The commercial, and others that followed, quickly gained popularity online. Trunk Monkey has since dispatched a would-be car thief in “Sopranos” style, fended off aliens and tried to bribe a police officer to let a speeding driver off.

R/West has continued to produce the ads for Suburban Auto Group, which supplements its Trunk Monkey campaign with T-shirts and bumper stickers. It also hosts the commercials, one of which will be broadcast locally during the Super Bowl, on its Web site. But since the 2003 debut, 45 other dealerships around the world have licensed the commercials, each for tens of thousands of dollars a year, making it the largest source of revenue for R/West, which employs 20.

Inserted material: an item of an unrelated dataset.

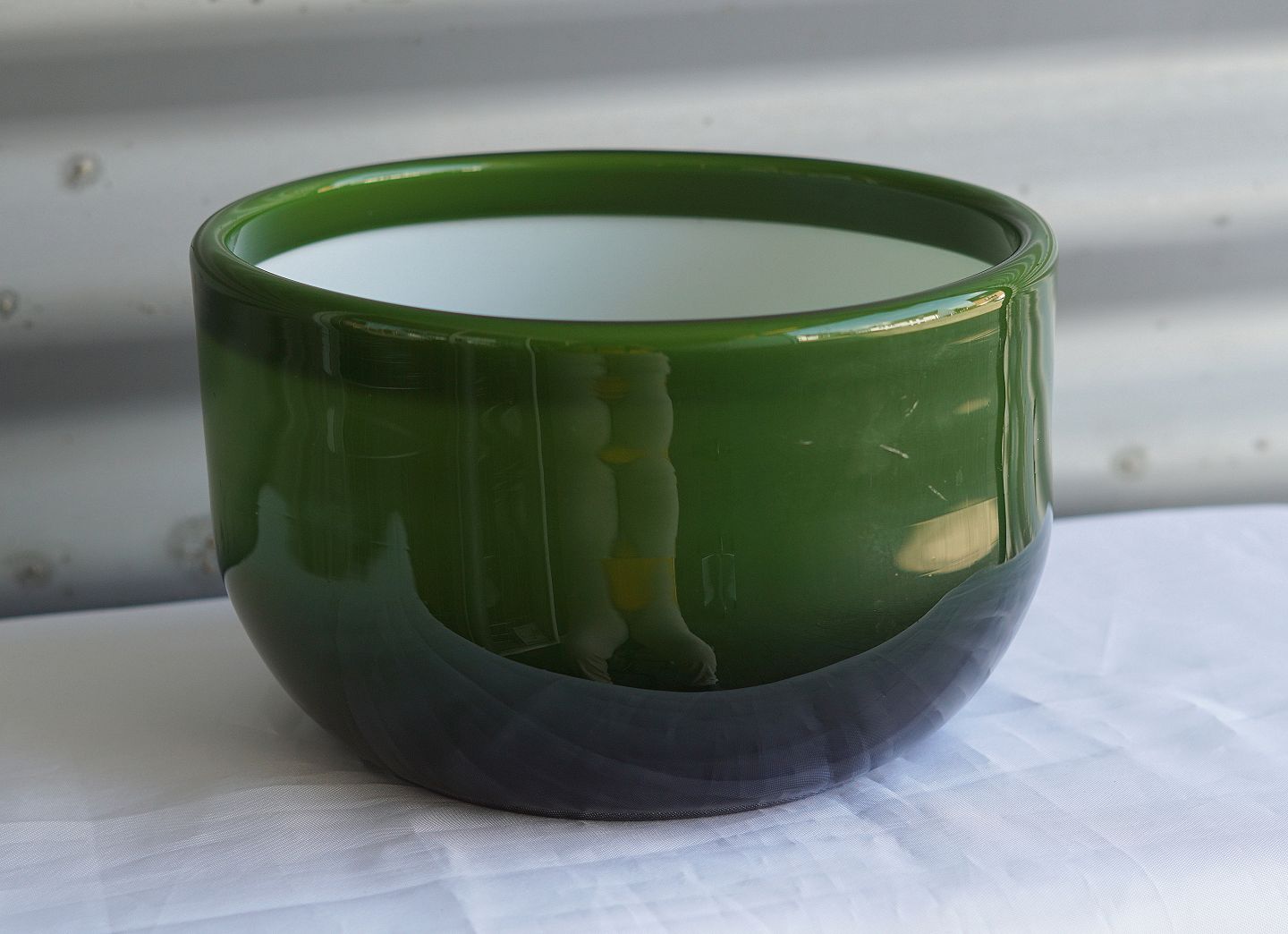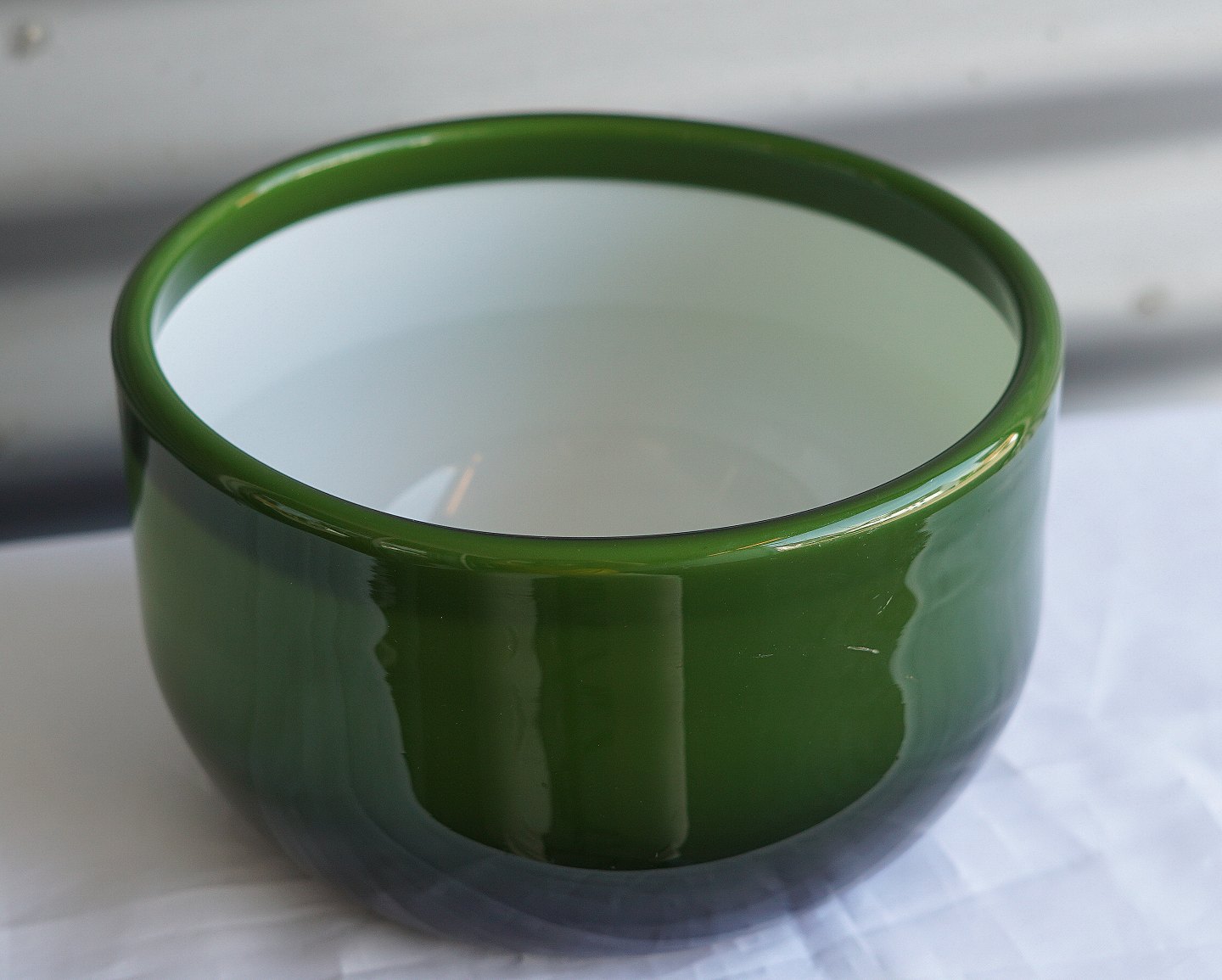 Palet-serien, jadegrøn skål. Fremstillet på opal post med farvet og hvidt glas overfang. Produceret på Fyens Glasværk, fra 1969 til 1976, for Holmegaard Glasværk
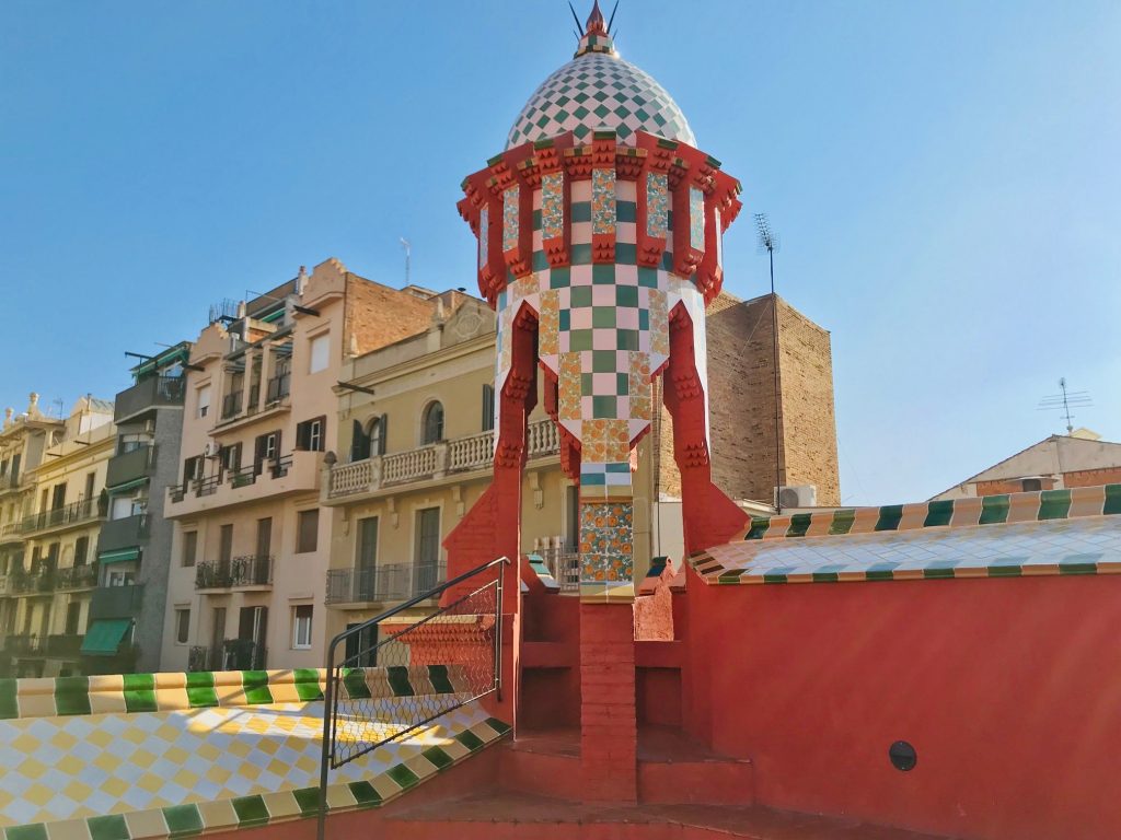 Là où la première inédite réalisation du maître, classée à l’Unesco en 2005 avant d’être, fin 2017, ouverte au public après 3 ans de restaurations, se dresse : l’atypique Casa Vicens.

The proceeds go for production of new commercials — now costing about $75,000 to $100,000 — and any profit above that is split between R/West and Suburban. The two declined to disclose the profit.

Syndicating commercials isn’t new, said Norm Grey, executive creative director with Creative Circus, a two-year advertising school in Atlanta.

But the challenge is, “no matter what happens, every bank, every car dealership has its own needs,” he said. “It’s not necessarily personal.”

Still, in the world of auto advertising, which focuses on price and “the deal, the deal, the deal,” Trunk Monkey breaks new ground, said Steve Miller, a senior reporter who covers the auto industry for marketing publication Brandweek.

It also is a way for a small agency like Blixseth’s to gain national attention, and perhaps open the door for national clients.

He said it’s unlikely that car dealerships, which have such defined geographic markets, would object to running the same commercials as another dealer somewhere else.

It didn’t bother Gary Grubbs, the advertising manager for the Lawrence Hall of Abilene dealership in Texas, which started running commercials last year. “Anything that’s a good idea never stays an exclusive for very long.”

The commercials don’t escape criticism. Some call to complain that he isn’t really a monkey at all, but rather a chimpanzee. (But Blixseth protested that “trunk chimpanzee” just didn’t have the same je ne sais quoi.)

And some animal-rights activists are upset about the use of a primate in advertising. The agency contracts with a California company that provides animals for filming.

But some dealerships say the commercials have only brought positive comments — as well as suggestions from customers about potential scripts.

“It has totally changed our life,” said Jane Delligatti, marketing director of Arnell Auto Group in Burns Harbor, Ind. “We have people calling, giving ideas for different spots. … This whole area of Northwest Indiana loves our Trunk Monkey.”